The fuel for the Pele reactors will be “high-assay, low-enriched uranium,” or HALEU. It will come from DOE’s inventory of weapons grade uranium, converted from metal into uranium oxide and then “downblended” (can we call it uranium “impoverishment”?) to HALEU, which is typically 7% to 20% fissionable U235.
BWXT has built a 170,000 square foot factory for work on both Pele and NASA’s DRACO space reactor. BWXT’s Miller says they will build the Pele reactors entirely on the factory floor, shipping them in modules to the DOD site, where they will be connected to form a complete generating station.
A fuel load is expected to last some three years. What happens then, with the waste and refueling? DOD’s Waksman said it is “unlikely” the regulators “will ever allow defueling out at site. All the radioactive stuff is in one box. So you ship whole box back, get new box. You don’t want folks messing with fuel on site.” In short, it’s like an auto battery, take out the old, put in the new.
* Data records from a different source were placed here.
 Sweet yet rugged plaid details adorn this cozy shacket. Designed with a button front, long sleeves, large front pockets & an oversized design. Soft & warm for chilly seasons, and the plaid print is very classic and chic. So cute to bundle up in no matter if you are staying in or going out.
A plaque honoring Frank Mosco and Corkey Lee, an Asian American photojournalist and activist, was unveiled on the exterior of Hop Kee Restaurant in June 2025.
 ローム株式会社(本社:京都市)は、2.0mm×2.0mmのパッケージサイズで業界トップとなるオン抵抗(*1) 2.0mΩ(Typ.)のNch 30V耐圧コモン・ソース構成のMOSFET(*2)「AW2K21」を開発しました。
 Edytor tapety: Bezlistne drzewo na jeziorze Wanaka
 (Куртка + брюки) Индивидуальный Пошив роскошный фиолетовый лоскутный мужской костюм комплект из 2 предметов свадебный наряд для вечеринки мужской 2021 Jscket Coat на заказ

Pele is the Pentagon’s second go-round with tiny reactors, with mixed results. In 1954, the Army began its nuclear power program jointly with the Atomic Energy Commission, developing both stationary and mobile tiny reactors, some eight in all, both boiling and pressurized light-water reactors, used for electric power, heat, or both.
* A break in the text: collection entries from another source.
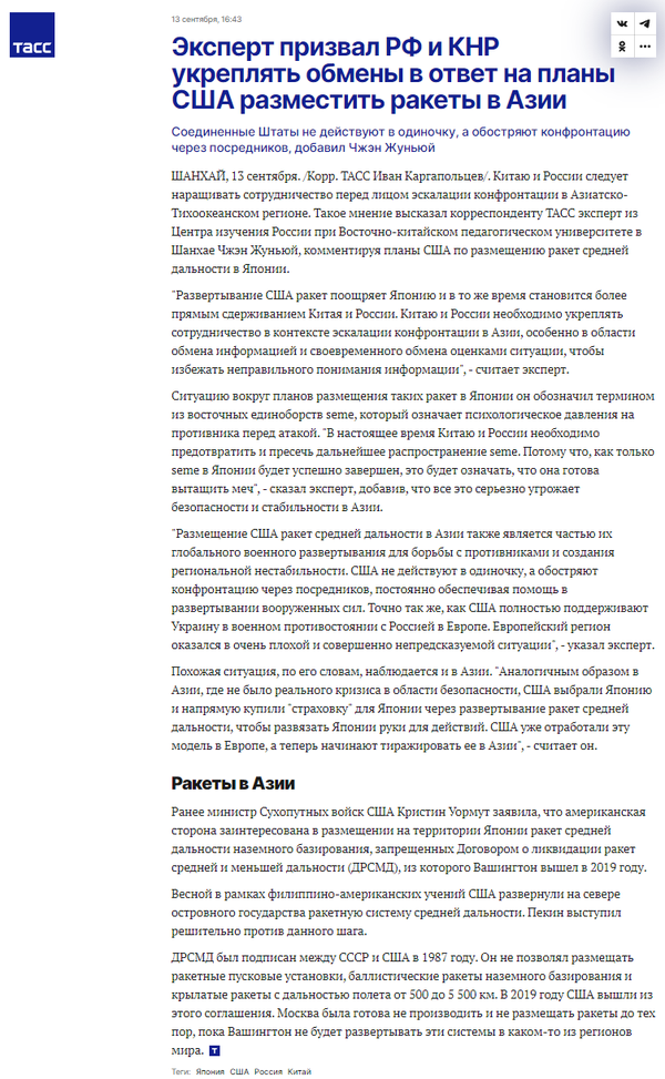 媒体视野|郑润宇接受塔斯社采访 谈美国在亚太部署陆基中程导弹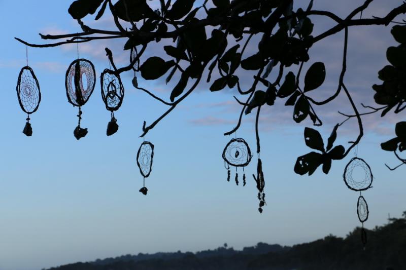 Diğer tarafta bir grup genişçe bir havlu sermiş. Üzerinde kabus kovuculardan yapıp ağaca asıp sergiliyor ve satıyorlar.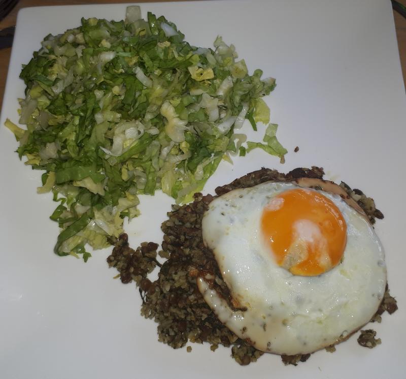 Resteessen: gebratener Reis mit Spinat, Bärlauch, Lauchzwiebeln und Linsen, Spiegelei, Endivien
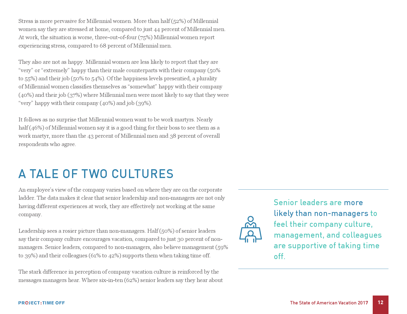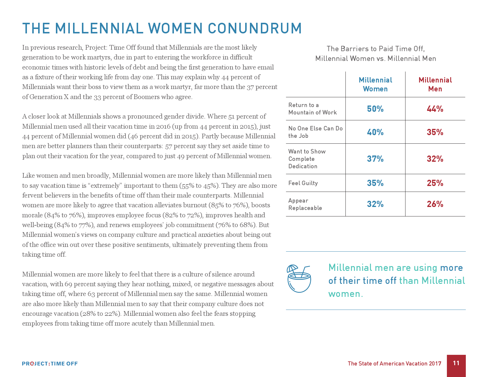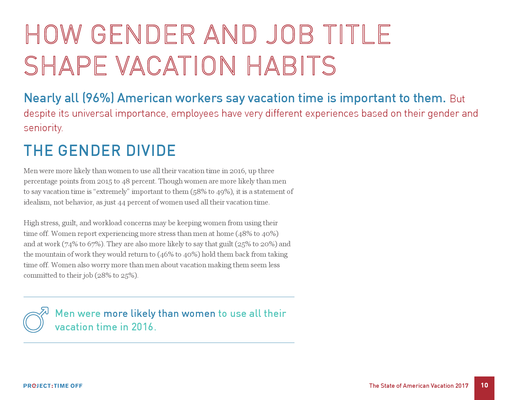 看起来男性更愿意使用带薪休假。去年 48% 休假的男性用光了带薪假期,比 2015 年高了 3%,而只有 44 %的女性用光了带薪假期。

Unfortunately, one of the Army reactors had a tragic history. Built in 1958 and located at the National Reactor Testing Station, now the Idaho National Laboratory, BWR SL-1 generated 200 kW of power and 400 kW of heat. On Jan. 3, 1961, during restart after an 11-day shutdown over the holiday season, as the three-man crew was manually withdrawing the main control rod: the shift supervisor on top of the reactor along with a trainee, the reactor operator manipulating the control rod on the ground.
For still unknown reasons, the control rod was rapidly withdrawn far farther than safe. The reactor then went prompt critical and exploded. The shift supervisor on the top was impaled by the control rod and pinned to the reactor ceiling. The trainee and the reactor operator both died of physical injuries but all three would have been killed by the intense radiation in any case.
The Army cancelled its microreactor nuclear power program in 1977.